TASK TO COMPLETE:
From the entries that follow, reproduce exactly and only the lines from the line with "900 Azn Masaüstü" to the line with "L’équipe municipale réunie", endpoints included.

(Beginning of RECORDS FOR THE TASK)

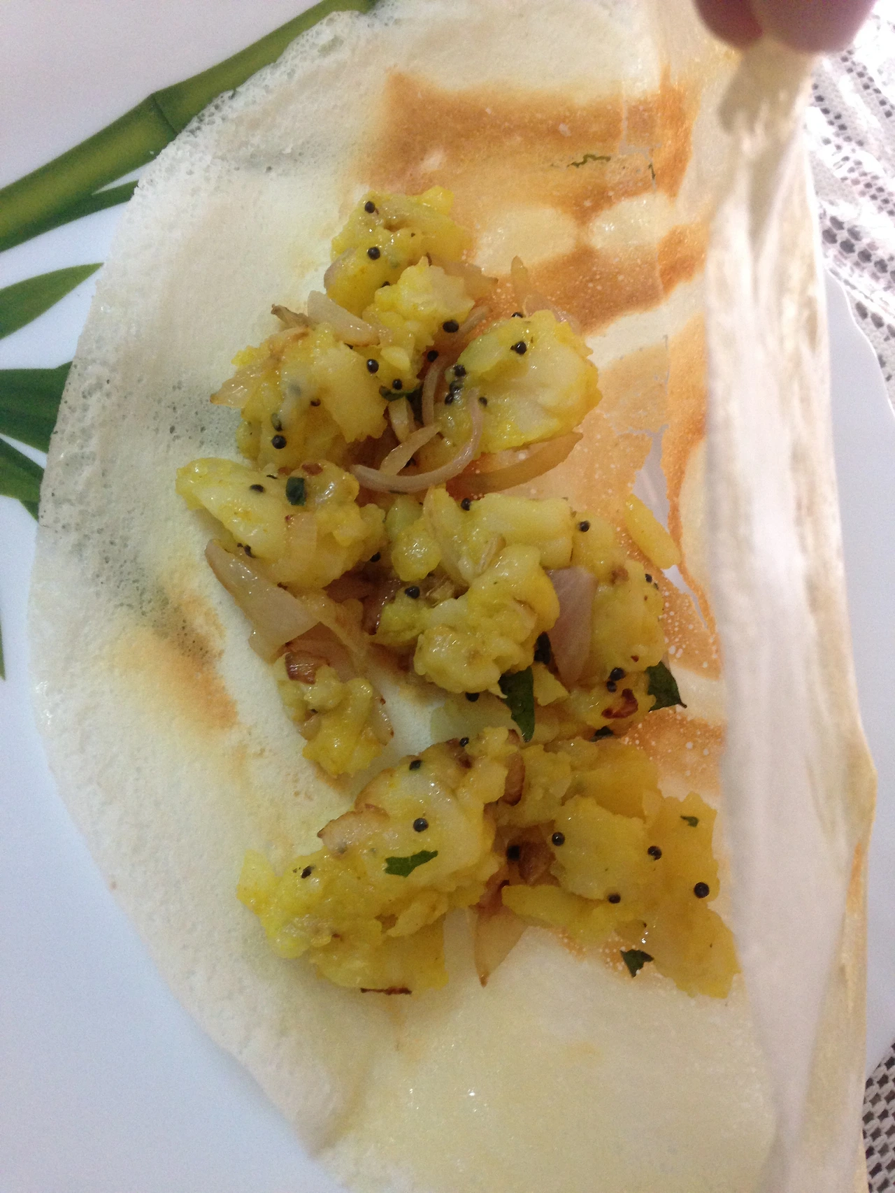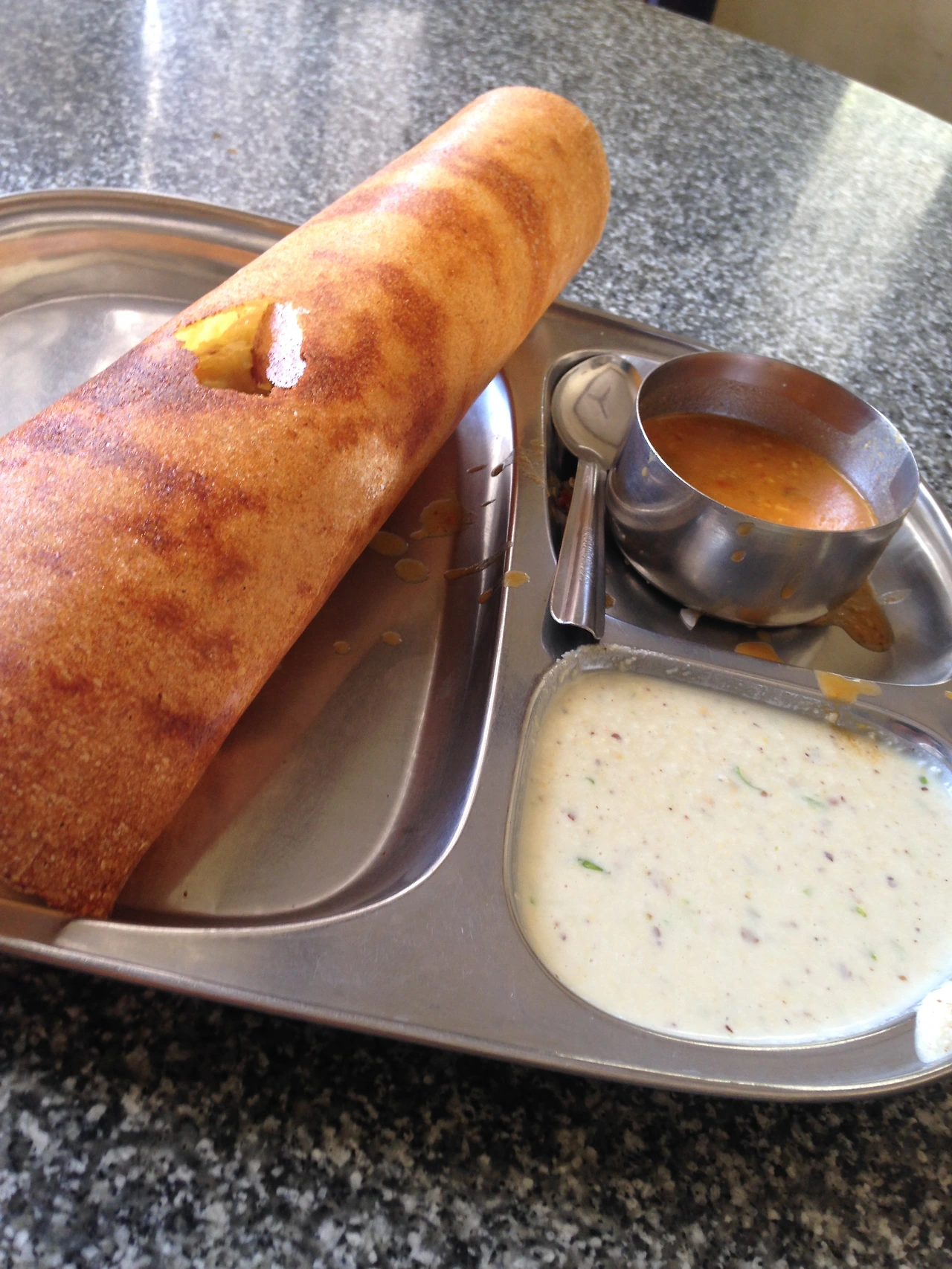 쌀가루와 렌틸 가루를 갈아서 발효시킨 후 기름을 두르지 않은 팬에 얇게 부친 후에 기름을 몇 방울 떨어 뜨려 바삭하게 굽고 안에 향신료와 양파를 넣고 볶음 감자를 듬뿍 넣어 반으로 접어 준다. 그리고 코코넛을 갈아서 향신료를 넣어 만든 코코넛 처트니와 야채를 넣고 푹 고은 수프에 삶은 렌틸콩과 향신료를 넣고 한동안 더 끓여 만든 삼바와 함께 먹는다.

(End of RECORDS FOR THE TASK)
(Beginning of RECORDS FOR THE TASK)

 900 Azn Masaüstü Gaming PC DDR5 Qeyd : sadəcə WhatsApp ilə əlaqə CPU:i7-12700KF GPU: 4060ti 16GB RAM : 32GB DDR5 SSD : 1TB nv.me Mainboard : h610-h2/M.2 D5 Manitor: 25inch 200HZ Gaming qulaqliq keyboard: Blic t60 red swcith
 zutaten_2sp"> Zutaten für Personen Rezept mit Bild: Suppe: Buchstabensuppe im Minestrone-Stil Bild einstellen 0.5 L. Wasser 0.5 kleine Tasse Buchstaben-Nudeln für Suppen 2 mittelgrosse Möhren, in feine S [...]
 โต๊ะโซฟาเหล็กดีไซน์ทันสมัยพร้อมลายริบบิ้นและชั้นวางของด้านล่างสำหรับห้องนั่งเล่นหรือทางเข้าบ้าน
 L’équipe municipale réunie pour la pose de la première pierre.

(End of RECORDS FOR THE TASK)

EXERCISE OUTPUT:
 900 Azn Masaüstü Gaming PC DDR5 Qeyd : sadəcə WhatsApp ilə əlaqə CPU:i7-12700KF GPU: 4060ti 16GB RAM : 32GB DDR5 SSD : 1TB nv.me Mainboard : h610-h2/M.2 D5 Manitor: 25inch 200HZ Gaming qulaqliq keyboard: Blic t60 red swcith
 zutaten_2sp"> Zutaten für Personen Rezept mit Bild: Suppe: Buchstabensuppe im Minestrone-Stil Bild einstellen 0.5 L. Wasser 0.5 kleine Tasse Buchstaben-Nudeln für Suppen 2 mittelgrosse Möhren, in feine S [...]
 โต๊ะโซฟาเหล็กดีไซน์ทันสมัยพร้อมลายริบบิ้นและชั้นวางของด้านล่างสำหรับห้องนั่งเล่นหรือทางเข้าบ้าน
 L’équipe municipale réunie pour la pose de la première pierre.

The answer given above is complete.